Хотя план Евангелия от Иоанна во многом схож с планом синоптиков (как и Марк, Иоанн рассказывает о событиях от Крещения Христа до Его Воскресения), здесь все же есть очень много существенных особенностей. Как я говорил, здесь своя хронология – три года служения Христа. Чудес меньше, но они очень знаменательны. Острее, чем у синоптиков, тут поставлена тема конфликта с иудейской средой. Он начинается сразу же в Иерусалиме, где образованные фарисеи и саддукеи могли лучше понять смысл проповеди Христа, чем малограмотные жители Галилеи, которым уделяют основное внимание синоптики. Повествовательные разделы четвертого Евангелия написаны с большим драматизмом, а пространные речи Христа являют собой возвышенное свидетельство о Божественной природе Христа. Композиция книги подчинена задаче показать схождение в мир Слова Божия и Его восхождение к Отцу. Соответственно, Евангелие начинается знаменитым прологом «В начале было Слово, и Слово было у Бога, и Слово было Бог» (Иоанн, 1:1), которому нет параллели у синоптиков.

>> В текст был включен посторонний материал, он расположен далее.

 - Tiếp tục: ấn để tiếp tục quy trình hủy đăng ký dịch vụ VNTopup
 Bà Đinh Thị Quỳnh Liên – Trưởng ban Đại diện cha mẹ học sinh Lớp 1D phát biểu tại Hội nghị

Затем следует так называемая «книга знамений», или рассказ о чудесах (2-12 главы). Показательно, что в Евангелии от Иоанна нет рассказов об изгнании бесов. Очевидно, Иоанна интересует сам Сатана, а не его армия, как источник тьмы, противостоящий свету. «Свет во тьме светит, и тьма не объяла его» (Иоанн, 1:5), – пишет евангелист в прологе. За «книгой знамений» следует прощальная беседа на Тайной Вечере и Первосвященническая молитва (13–17 главы), а затем рассказ о Страстях, Воскресении и явлении воскресшего Христа в Иерусалиме и Галилее.

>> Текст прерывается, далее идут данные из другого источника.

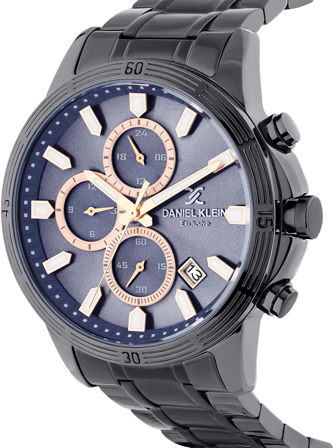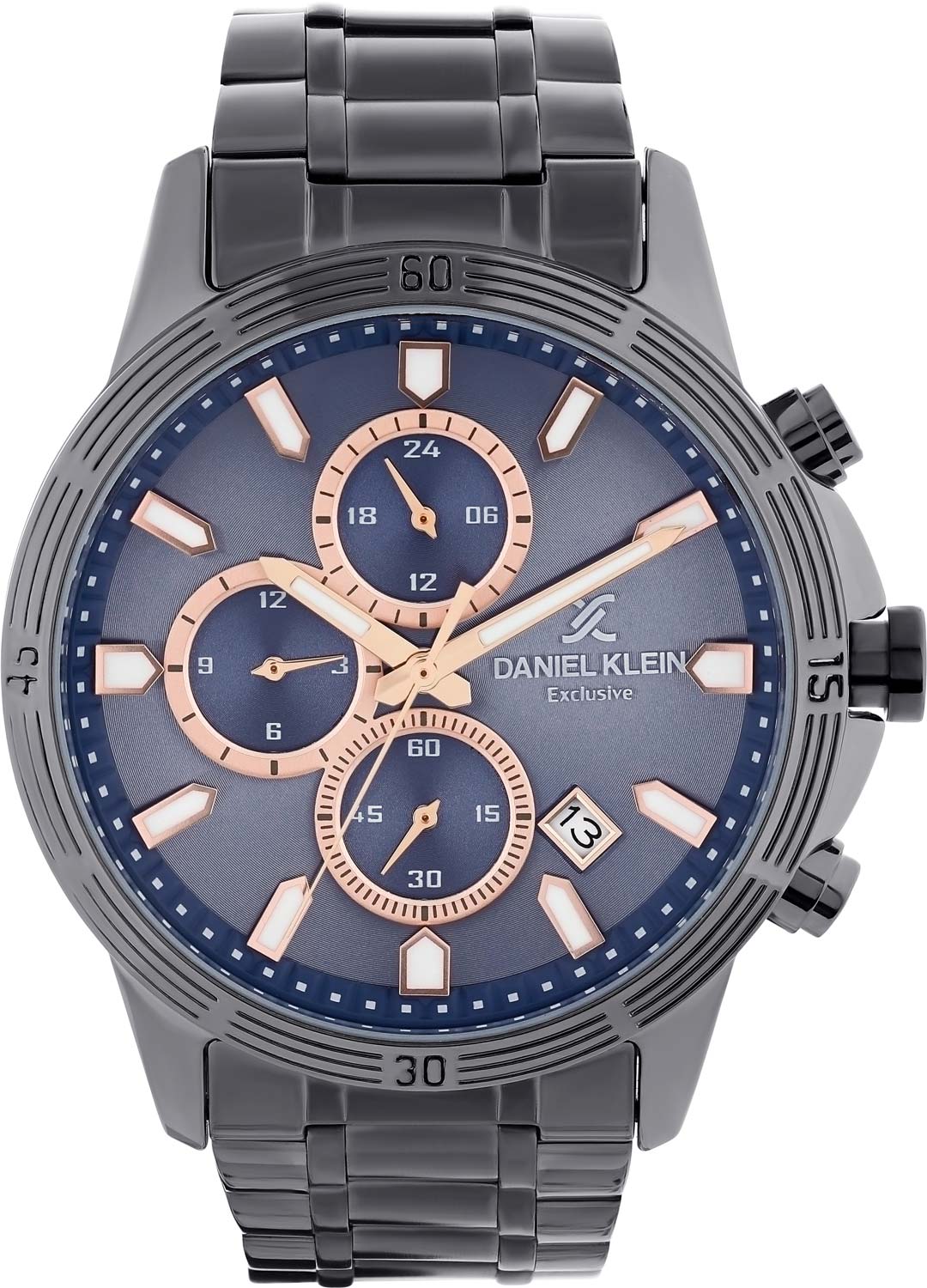 Эти стильные мужские часы позволят вам эффектно заявить о себе и выразить свою индивидуальность.Мужские кварцевые часы. Круглый металлический корпус с IP покрытием антрацитового цвета. Безель с минутными отметками. Циферблат выполнен по технологии Sunray (солнечные лучи), украшен фирменным логотипом Daniel Klein в положении 3 часа и защищен минеральным стеклом. Метки в виде штрихов и стрелки с люминесцентным покрытием, которое светится в темноте после непродолжительной зарядки на свету. Окошко даты находится между отметками 4 и 5 часов. 12-ти и 24-х часовой формат времени. Второй часовой пояс. Заводная головка с защитой. Частично полированный и сатинированный стальной браслет с IP

Вообще говоря, Иоанн ведет свое повествование в несколько иной перспективе, чем синоптики. Начиная с первых слов пролога, Иоанн рассматривает историю как бы в вертикальном измерении, с перспективы вечности. Синоптики же в основном подходят к истории горизонтально с перспективы движущегося вперед времени. Разумеется, оба эти подхода не являются взаимоисключающими, что было отчетливо видно у Луки. Но Иоанн предпочитает именно вертикальную перспективу. Иисус Христос для него – центр истории, а события, развивающиеся в горизонтальной перспективе, соотносятся и подчиняются этому центру, Слову Бога, ставшему человеком. Поэтому в четвертом Евангелии деяния и речения Христа во время Его земного служения, прежде всего, открывают в Нем воплотившегося Сына Божия. Подобное представление о Христе не чуждо, конечно, и синоптикам, но именно у Иоанна оно подчеркнуто особенно явно.
Иконографическая эмблема четвертого евангелиста – орел, ибо, по выражению Августина, Иоанн парит над облаками человеческой немощи благодаря особой возвышенности мысли и величавости слога своей книги. Древние считали, что только орел может смотреть, не будучи ослеплен, прямо на солнце и проникать в вечные тайны, вечные истины и даже в сами мысли Бога. У Иоанна Богослова из всех евангелистов, несомненно, самый проницательный взгляд.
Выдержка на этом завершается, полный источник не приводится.